Fachbereichsleiter Lutz Murmann begrüßte die Gäste herzlich und begleitete sie durch den Tag. Beim gemeinsamen Mittagessen mit Stephan Schrod, der schon seit 2022 mit Familie Fass in Kontakt stand, wurden Erinnerungen geteilt – und Geschichte greifbar. Die Großmutter von Stephan Schrod, Elisabeth Schrod, kannte die Familie Strauss noch persönlich und hatte vor Ihrem Tod 2024 in persönlichen Gesprächen insbesondere von den Ereignissen in der Reichspogromnacht berichtet. Stephan Schrod konnte auch berichten, dass es Briefe von Ende des 19. Jahrhunderts gibt, die einen Kontakt zwischen seiner und der Familie von Regina Lewald-Fass belegen.

Regina Lewald-Fass erzählte, wie ihre Mutter gemeinsam mit ihr die jüdischen Wurzeln der Familie wiederentdeckt hatte. Heute leitet sie eine jüdische Schule in New York mit über 300 Kindern. Ihr Mann Jonathan ist Senior Managing Director beim Jewish Education Project. Der jüdische Glaube, einst verloren, ist in der Familie heute wieder lebendig.

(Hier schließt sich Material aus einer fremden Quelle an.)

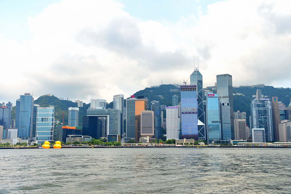 해변으로 늘어선 홍콩섬의 고층 건물들인데, 흐린 날씨 탓에 쨍한 모습은 보여주질 못하고 있다.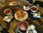 An atmospheric place! There are all sorts of interesting things in the interior. Borscht is very impressive visually, but not very tasty - there is little richness. Shish kebab is delicious 👍 mushroom soup with pearl barley is just a fire

Beim anschließenden Rundgang durch Eppertshausen wurden nicht nur Stationen der jüdischen Geschichte besucht, sondern auch die Valentinuskapelle aus dem 15.Jahrhundert und die katholische Pfarrkirche St. Sebastian. Der Ort der ehemaligen Synagoge und das alte Wohnhaus der Familie Strauss in der Hauptstraße 8  waren die emotionalen Höhepunkte des Tages.

Die Hoffnung, dass Erinnerung lebendig bleibt

„Es war so unwirklich, vor dem Haus meines Ur-Ur-Onkels zu stehen“, sagte Regina Lewald-Fass später. „Zu wissen, dass er genau hier lebte – und von hier aus in den Tod geschickt wurde. Es ist traurig, schmerzhaft, aber ich fühle auch Dankbarkeit und Hoffnung.“

Am Bernhard-Moses-Weg, wo heute die Gedenkstätte für die jüdischen Bürgerinnen und Bürger Eppertshausens steht, endete der Besuch. Die Familie war tief bewegt vom Engagement der Gemeinde und dem jährlichen Gedenken an die Shoah in Zusammenarbeit mit den beiden Kirchengemeinden.

„Es wäre so leicht, das alles zu vergessen“, sagte Regina Lewald-Strauss. „Aber was Sie hier tun, gibt uns Hoffnung, dass Erinnerung lebendig bleibt.“

Für alle Beteiligten war es ein bewegender Nachmittag – und ein Brückenschlag zwischen Vergangenheit und Gegenwart. Zwischen Verlorenem und Wiedergefundenem. Zwischen Trauer – und der Hoffnung, dass Geschichte nicht vergessen, sondern verstanden wird.